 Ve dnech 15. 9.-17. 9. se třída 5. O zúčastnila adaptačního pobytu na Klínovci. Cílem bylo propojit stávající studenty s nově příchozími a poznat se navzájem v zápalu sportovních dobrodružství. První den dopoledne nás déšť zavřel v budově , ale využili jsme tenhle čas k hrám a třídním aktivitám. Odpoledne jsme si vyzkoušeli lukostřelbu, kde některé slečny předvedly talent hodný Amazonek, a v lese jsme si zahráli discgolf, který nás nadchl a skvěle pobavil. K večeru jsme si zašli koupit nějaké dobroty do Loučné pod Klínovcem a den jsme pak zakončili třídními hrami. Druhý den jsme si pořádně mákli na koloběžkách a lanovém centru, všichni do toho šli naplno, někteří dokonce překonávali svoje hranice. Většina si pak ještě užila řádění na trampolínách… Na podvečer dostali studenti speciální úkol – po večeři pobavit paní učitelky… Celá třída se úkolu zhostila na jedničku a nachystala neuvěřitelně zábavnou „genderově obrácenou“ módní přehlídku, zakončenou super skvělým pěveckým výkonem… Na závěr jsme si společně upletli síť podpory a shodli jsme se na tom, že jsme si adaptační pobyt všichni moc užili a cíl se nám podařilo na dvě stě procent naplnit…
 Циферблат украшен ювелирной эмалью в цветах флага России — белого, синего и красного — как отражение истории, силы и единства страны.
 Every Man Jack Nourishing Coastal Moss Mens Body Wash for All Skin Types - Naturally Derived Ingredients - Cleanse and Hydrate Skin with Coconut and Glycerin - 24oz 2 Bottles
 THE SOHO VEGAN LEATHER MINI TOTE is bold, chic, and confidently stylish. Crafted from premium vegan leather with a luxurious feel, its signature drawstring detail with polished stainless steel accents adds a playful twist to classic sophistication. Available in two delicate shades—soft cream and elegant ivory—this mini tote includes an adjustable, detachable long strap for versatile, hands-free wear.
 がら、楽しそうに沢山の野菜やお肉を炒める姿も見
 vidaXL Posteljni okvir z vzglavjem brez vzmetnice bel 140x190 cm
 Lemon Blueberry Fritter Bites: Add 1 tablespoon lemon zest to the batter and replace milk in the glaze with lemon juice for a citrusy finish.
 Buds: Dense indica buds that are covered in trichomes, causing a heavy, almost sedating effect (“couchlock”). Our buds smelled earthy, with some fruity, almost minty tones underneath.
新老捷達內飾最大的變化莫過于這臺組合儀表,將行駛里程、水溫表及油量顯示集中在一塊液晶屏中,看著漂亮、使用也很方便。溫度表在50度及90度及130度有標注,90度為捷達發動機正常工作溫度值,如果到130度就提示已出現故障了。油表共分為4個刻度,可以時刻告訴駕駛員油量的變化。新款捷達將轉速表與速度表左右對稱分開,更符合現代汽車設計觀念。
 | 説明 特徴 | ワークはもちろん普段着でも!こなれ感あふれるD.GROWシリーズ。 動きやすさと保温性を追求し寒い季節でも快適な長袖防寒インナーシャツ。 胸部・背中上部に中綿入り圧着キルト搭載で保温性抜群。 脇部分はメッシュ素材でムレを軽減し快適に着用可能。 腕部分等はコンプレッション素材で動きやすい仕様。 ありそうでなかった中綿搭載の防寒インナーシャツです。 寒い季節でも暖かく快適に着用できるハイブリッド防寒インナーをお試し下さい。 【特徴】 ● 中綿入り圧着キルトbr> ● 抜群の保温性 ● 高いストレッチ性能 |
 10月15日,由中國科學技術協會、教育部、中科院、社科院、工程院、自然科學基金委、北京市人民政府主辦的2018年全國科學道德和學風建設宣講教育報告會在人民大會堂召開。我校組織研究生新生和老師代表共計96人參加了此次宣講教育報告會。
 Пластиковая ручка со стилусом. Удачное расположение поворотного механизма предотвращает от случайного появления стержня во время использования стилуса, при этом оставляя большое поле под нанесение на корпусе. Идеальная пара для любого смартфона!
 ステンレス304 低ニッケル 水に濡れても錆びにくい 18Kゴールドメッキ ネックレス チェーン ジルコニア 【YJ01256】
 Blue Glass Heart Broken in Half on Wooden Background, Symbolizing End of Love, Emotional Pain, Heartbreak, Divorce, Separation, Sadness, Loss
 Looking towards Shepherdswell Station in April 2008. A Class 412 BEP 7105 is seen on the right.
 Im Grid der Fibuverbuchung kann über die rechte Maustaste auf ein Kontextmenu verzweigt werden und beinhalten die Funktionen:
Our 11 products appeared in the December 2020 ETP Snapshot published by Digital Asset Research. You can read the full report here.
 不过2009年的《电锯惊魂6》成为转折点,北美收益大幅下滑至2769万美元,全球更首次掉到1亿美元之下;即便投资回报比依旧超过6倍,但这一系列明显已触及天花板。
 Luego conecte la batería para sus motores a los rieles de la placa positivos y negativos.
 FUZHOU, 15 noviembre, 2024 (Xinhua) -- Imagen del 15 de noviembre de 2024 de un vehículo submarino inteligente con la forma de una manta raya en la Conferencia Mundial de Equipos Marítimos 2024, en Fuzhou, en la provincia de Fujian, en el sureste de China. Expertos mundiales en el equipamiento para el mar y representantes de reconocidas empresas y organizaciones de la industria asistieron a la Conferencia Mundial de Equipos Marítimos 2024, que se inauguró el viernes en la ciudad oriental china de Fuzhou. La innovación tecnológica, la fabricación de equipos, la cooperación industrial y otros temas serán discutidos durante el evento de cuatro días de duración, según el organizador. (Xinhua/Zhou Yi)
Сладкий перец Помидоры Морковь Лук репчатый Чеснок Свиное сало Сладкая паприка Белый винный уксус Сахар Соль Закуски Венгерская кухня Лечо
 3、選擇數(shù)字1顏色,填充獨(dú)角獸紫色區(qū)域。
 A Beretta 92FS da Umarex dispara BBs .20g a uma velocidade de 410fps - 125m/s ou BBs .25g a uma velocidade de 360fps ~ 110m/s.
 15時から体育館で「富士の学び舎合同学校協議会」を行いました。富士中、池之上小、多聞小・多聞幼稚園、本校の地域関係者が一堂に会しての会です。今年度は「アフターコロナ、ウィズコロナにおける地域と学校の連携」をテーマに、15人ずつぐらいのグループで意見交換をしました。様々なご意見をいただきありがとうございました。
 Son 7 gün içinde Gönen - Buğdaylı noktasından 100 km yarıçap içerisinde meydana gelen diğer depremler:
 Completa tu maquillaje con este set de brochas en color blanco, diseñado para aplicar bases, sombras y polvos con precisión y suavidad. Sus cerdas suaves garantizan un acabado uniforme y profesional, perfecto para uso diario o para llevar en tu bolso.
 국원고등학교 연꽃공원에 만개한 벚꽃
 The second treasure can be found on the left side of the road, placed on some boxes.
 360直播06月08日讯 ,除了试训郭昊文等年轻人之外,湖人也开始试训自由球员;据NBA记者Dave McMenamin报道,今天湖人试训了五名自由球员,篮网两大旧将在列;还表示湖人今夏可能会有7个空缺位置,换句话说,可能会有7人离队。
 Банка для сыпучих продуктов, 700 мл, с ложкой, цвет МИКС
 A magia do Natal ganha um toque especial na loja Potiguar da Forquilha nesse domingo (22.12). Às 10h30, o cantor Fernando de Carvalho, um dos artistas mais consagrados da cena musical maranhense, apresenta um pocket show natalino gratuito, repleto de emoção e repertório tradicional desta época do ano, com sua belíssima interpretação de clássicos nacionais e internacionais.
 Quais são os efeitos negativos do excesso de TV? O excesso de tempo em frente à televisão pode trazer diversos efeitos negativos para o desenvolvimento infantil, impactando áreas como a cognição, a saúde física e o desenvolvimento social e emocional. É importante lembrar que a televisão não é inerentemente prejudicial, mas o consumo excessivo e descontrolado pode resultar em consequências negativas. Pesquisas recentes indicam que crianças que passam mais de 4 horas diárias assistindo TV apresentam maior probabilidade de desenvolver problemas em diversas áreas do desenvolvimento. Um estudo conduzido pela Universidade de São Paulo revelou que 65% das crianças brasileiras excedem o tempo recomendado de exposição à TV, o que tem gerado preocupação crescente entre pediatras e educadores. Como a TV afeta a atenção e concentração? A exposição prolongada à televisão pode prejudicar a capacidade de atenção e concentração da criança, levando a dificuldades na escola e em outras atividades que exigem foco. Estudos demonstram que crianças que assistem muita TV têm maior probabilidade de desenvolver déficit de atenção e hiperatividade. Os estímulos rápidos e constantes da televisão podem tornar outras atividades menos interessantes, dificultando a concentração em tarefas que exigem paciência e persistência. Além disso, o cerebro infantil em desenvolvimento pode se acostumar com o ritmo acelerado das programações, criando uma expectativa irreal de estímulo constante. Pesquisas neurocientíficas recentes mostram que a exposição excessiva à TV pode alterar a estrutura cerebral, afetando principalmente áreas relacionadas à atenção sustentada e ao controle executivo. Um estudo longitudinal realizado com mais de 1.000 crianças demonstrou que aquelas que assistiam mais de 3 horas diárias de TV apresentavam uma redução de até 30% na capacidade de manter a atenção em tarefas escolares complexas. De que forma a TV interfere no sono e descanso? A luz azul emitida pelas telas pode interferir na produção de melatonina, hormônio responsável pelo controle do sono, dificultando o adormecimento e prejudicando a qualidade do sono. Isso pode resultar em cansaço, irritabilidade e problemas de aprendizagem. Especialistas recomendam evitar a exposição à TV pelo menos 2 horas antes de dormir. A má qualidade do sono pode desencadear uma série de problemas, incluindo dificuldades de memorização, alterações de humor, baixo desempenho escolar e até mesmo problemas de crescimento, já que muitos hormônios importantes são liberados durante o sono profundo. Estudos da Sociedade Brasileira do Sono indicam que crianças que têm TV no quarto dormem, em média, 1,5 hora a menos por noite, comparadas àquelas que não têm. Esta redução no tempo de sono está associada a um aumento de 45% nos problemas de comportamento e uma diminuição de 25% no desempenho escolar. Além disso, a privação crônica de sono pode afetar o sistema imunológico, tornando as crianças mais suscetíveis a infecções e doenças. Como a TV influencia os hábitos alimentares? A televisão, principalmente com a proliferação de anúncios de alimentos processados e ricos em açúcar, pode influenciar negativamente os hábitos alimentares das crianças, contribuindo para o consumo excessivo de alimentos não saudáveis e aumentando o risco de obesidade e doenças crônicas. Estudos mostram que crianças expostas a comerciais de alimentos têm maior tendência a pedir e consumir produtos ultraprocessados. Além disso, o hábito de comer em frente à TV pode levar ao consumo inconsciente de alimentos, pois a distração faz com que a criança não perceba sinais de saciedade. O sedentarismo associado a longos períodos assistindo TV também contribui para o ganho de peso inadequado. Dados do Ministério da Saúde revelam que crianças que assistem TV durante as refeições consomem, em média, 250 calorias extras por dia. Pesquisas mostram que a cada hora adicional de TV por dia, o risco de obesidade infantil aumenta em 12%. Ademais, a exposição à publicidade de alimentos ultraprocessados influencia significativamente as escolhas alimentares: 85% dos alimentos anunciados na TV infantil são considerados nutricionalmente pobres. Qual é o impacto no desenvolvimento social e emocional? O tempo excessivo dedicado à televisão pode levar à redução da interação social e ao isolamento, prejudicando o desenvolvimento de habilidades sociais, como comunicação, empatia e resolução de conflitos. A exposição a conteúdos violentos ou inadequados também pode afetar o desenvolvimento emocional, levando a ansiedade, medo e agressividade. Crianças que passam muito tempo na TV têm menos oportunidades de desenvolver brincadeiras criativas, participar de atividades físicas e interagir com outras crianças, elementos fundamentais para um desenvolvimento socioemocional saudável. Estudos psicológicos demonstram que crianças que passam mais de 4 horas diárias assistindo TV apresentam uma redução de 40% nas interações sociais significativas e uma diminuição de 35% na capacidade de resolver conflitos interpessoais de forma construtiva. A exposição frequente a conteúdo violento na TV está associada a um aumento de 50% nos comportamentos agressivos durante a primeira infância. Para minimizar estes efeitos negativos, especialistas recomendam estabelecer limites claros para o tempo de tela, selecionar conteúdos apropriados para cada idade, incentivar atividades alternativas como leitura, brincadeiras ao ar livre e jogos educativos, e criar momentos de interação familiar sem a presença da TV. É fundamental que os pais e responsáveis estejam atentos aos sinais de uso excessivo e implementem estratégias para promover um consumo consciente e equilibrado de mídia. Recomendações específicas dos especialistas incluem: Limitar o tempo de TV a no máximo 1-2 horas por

» What is being asked
Pull out all lines containing the word "with" from the entries above.

» Answer space
 Every Man Jack Nourishing Coastal Moss Mens Body Wash for All Skin Types - Naturally Derived Ingredients - Cleanse and Hydrate Skin with Coconut and Glycerin - 24oz 2 Bottles
 THE SOHO VEGAN LEATHER MINI TOTE is bold, chic, and confidently stylish. Crafted from premium vegan leather with a luxurious feel, its signature drawstring detail with polished stainless steel accents adds a playful twist to classic sophistication. Available in two delicate shades—soft cream and elegant ivory—this mini tote includes an adjustable, detachable long strap for versatile, hands-free wear.
 Lemon Blueberry Fritter Bites: Add 1 tablespoon lemon zest to the batter and replace milk in the glaze with lemon juice for a citrusy finish.
 Buds: Dense indica buds that are covered in trichomes, causing a heavy, almost sedating effect (“couchlock”). Our buds smelled earthy, with some fruity, almost minty tones underneath.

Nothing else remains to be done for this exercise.